With a sigh, she used her left arm alone, alongside a few tar-tendrils, to stow everything away and set up the erasing solution to recycle the lemons’ paper.
Two more days passed.
Somewhat disappointingly, Sorayah made no attempt to move against her, at least not in the open. Nothing Krahe could use as an excuse for violent and wildly disproportionate retaliation for her own satisfaction.
Day by day, she spent her time. Finally, as she sat in her basement-range, frying slices of a kind of fish from the River Machine, she felt the Tarnished Jade Flower mark giving her a message. A simple thrum, and the concept of “outside”. Right outside the door of the building, beneath the night’s pale moonlight, she found herself glancing left and right, looking out for a person or a talisman.
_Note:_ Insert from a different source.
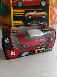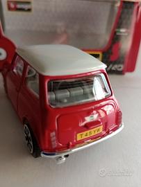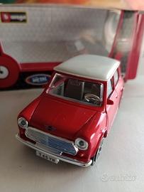 Modellino Mini Morris Cooper S 1.3 cc., vintage, bicolore della Burago italian design, scala 1/43 in confezione originale.

She realized that the thrumming of her mark sped up or slowed down depending on her location. Hot and cold. A stupid game of hot and cold. It led her some distance away to a secluded spot in the back alleys, where she was met by a floating talisman just like those Zachariah had used to collect the votes. It simply appeared in mid-air when she reached the spot where the mark’s thrumming became a continuous one. At that moment it ceased, and the talisman appeared with a shimmer entirely too similar to the one produced by disengagement of active optic camouflage.